Recently, the District Court of Appeal for the Fourth District of Florida affirmed that electronic signatures are enforceable against a borrower in a foreclosure action. On April 1, 2008, two borrowers executed an electronic note in favor of their lender. The note was secured by a mortgage, which listed their lender as the lender and MERS as the mortgagee. Shortly thereafter, the lender assigned the note and mortgage to a new lender (Lender) as the lender and a bank (Bank) as the servicer.
In January 2010, the Bank filed an action to foreclosure the mortgage based on the borrowers’ default. In its amended complaint, filed in November 2010, the Bank alleged that the Lender was the owner of the note and that the Bank was the servicer of same. The Bank attached copies of the mortgage and the electronic note to the amended complaint. On the last page of the electronic note, it listed time-stamped electronic signatures of the borrowers.
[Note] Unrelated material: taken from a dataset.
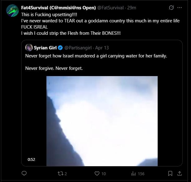 >>82271557very much a big fan how the average twitter artist believes that quote tweeting videos of kids getting killed in a foreign war will be beneficial towards their cause of showing how 'le bad' it isnot like i could just develop my own opinion on it without needing to see that :^)
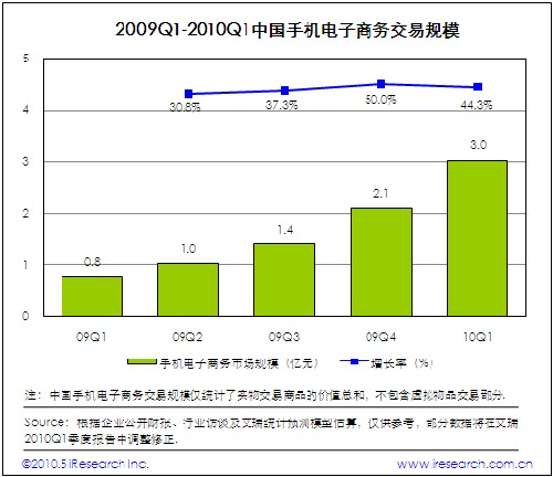 2010Q1中國(guó)移動(dòng)互聯(lián)網(wǎng)市場(chǎng)整體交易規(guī)模達(dá)到44.9億,環(huán)比增長(zhǎng)5.2%.盡管電信運(yùn)營(yíng)商調(diào)整合作伙伴計(jì)費(fèi)政策對(duì)移動(dòng)增值市場(chǎng)發(fā)展產(chǎn)生巨大沖擊,但是移動(dòng)電子商務(wù)、手機(jī)搜索、手機(jī)廣告等行業(yè)領(lǐng)域市場(chǎng)規(guī)?焖僭鲩L(zhǎng),降低移動(dòng)增值市場(chǎng)規(guī)模增速大幅放緩的負(fù)面影響,促使本季度移動(dòng)互聯(lián)網(wǎng)市場(chǎng)規(guī)模繼續(xù)保持增長(zhǎng)態(tài)勢(shì)。在細(xì)分行業(yè)領(lǐng)域中,手機(jī)電子商務(wù)市場(chǎng)表現(xiàn)良好,對(duì)拉動(dòng)移動(dòng)互聯(lián)網(wǎng)整體市場(chǎng)規(guī)模增長(zhǎng)發(fā)揮重要作用。

In June 2013, the Bank filed an "E-Note Certificate of Authentication," in which the Bank’s assistant vice president stated that the Bank was acting as the servicer for the Lender, and as such, the Bank maintained a copy of the borrowers' electronic note on the Lender’s behalf. The certificate also stated that the Bank’s electronic record system stored and maintained the note as it was originally executed and transmitted and that such system had encryption controls in place to protect the note against alteration. Along with a copy of the electronic note, also attached was a document from MERS showing that the Bank had electronic possession of the note.
In October 2013, the borrowers answered the Bank’s amended complaint and alleged that the Bank lacked standing because the Bank failed to allege how or why the Bank became the owner and holder of the note and mortgage. The borrowers also claimed there was "lack of authenticity and/or validity of any signatures or endorsements on the Note . . . pursuant to Florida Statute 673.3081." The trial court, however, found no merit in the borrowers’ arguments and entered a final judgment of foreclosure in favor of the Bank. The borrowers appealed.
On appeal, the District Court of Appeal affirmed the trial court’s decision, holding that the electronic note was valid, and allowed the Bank to foreclose on the mortgage, relying on Florida Statute 668.50, the Uniform Electronic Transactions Act (the Act). The court determined that on its face, the electronic note was a "transferable record" because: (1) it was an electronic record that would be a note under Chapter 673 of the Florida Statutes if it was in writing; and (2) the borrowers expressly agreed in the note that the note "may be Authenticated, Stored and Transmitted by Electronic Means . . . and will be valid for all legal purposes . . ." The Bank also adequately proved that the Lender had control of the electronic note by showing that the Bank used a system "reliably establishing [Lender] as the entity to which the e-note was transferred." Lastly, the Bank’s evidence further satisfied the requirements under the Act by demonstrating that the Bank stored the electronic note in such a way that there was only a single authoritative copy of the note, which was unique, identifiable and unalterable.
Original electronic documents should not be automatically questioned for lack of validity. Those that are properly electronically signed, stored and authenticated in accordance with the requirements of the Act may be just as valid as original paper documents. While many lenders still require original signed documents, lenders and borrowers should be aware of the validity of electronically signed documents as long as the requirements of the Act are strictly followed.